PSA: The goal of the Julia 1.0 release was to stabilize language constructs for library authors to build upon. It will take time for them to update their libraries to be compatible with v1.0 -- so if you want to get a feel for the language, and things are breaking, stick to v0.7 for the near future.
Sadly not even 0.7 is usable right now, see https://docs.julialang.org/en/v1.0.0/
* The only difference between 0.7 and 1.0 is the removal of deprecation warnings. *
I am currently using version 0.6.4. I feel it is still a great piece of software, even if is a few years old.
I've only been learning for about a week, but I think if you're a nerd for language design, you will appreciate it on an aesthetic level as a very tight design around a powerful concept. Common Lisp also has multiple dispatch, but I feel the integration of it into all the nooks and crannies of Julia really pays off. Julia's performance doesn't appear as a side effect of building on the LLVM or because they over-optimized the core, as it does in many young performance-oriented languages. Instead, it appears as a tangible benefit of a multiple-dispatch oriented design that makes it easy to add information to the system to improve performance without compromising the clarity of a sketch.
I have often felt that there are many discontinuities between "pretty" Haskell as it is taught and pragmatic Haskell. I haven't used Julia enough in anger to say it for sure, but I see in the way it works great potential for the pragmatic code to be as beautiful as the high-level and abstract code.
For a long time I have felt that Haskell represented the most mathematical language. Julia really shows that there are other ways of building a mathematical language with taste and style. It's oriented to practitioners and applied math folks rather than computer scientists and pure mathematicians. I have enjoyed seeing the differences between these systems quite a bit, and I think Julia has a bright future as a practical, daily-use system for science.
there's an interesting issue wrt. maths and Juila; yesterday there was a story : https://news.ycombinator.com/item?id=17781475 on unmaintainable code. One of the clauses mentions the use of non standard characters as variable names : δ σ π ρ for example and cites the issue as having to deal with the code in a simple text editor.
I recently wrote a simulator intended as the demonstration of some issues in a paper. I found that using non standard characters enabled me to create a clearer implementation of the calculations in the paper in the code - so I think that it's a great thing that you can do this in Julia and that it should be encouraged.
In 2017 programmers have access to super powerful computers - some cycles to render and enable the manipulations are appropriate? What do people think?

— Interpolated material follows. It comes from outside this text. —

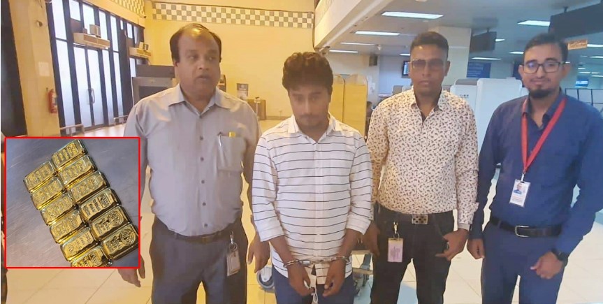 চট্টগ্রামের শাহ আমানত আন্তর্জাতিক বিমানবন্দর থেকে ১ কেজি ৩৯৮ গ্রাম ওজনের ১২টি স্বর্ণের বারসহ মুহাম্মদ মিজান উদ্দিন নামে এক যাত্রীকে
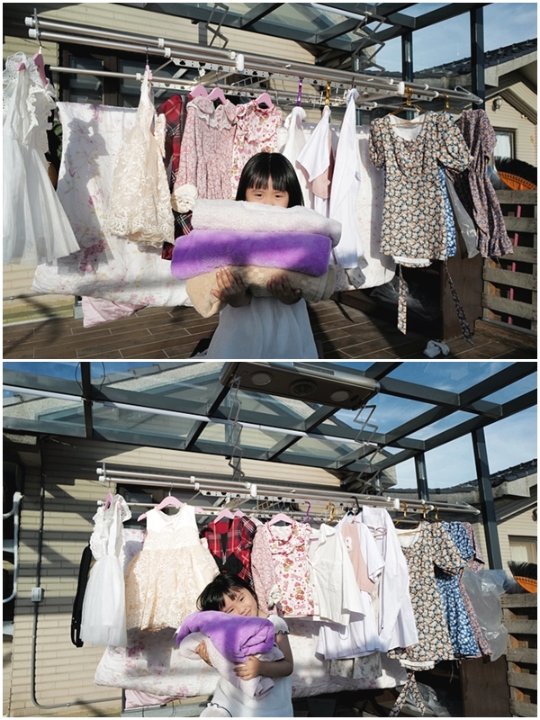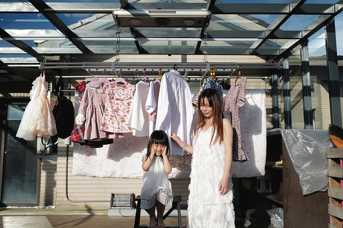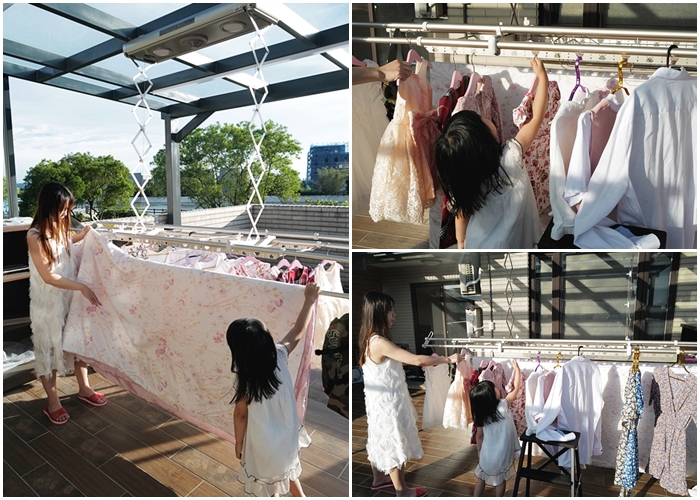就連收衣服的時候也是Cola親自來收她的衣服,她每次收衣服的時候都會聞一下毛巾與衣物的味道,都會跟我們說好香喔,這就是太陽給予的溫暖,但是如果沒有HCG電動曬衣機的話,那曬衣收衣就會變成一種地獄,光是在上午或是下午時段,一件一件拿曬衣竿吊掛到上面真的會汗流浹背又狼狽,但是有了電動曬衣機,就可以在短時間優雅的曬完衣服,又可以得到溫暖的香氣。

This why I love J and APL - succinctness of expression, however, these are very same reasons these PLs are criticized. I think if you do a lot of math with symbols, you appreciate them, and if you are a code maintainer, and not a mathematician, it takes getting used to it.
The only issue here is with input devices. The Greek alphabet is standard Unicode, so it's not more expensive to render or manipulate for your text editor compared to standard latin.
To be fair, input devices are a pretty serious issue here. Probably the single most common operation I do on code is search it. If I can't type what I'm searching for easily, that's pretty annoying.
> To be fair, input devices are a pretty serious issue here
That's true. I'm currently using an emacs extension that allows me to convert to greek unicode LaTeX-like string (\alpha, \Gamma, ...), butI understand that's more of a hack rather than an actual solution.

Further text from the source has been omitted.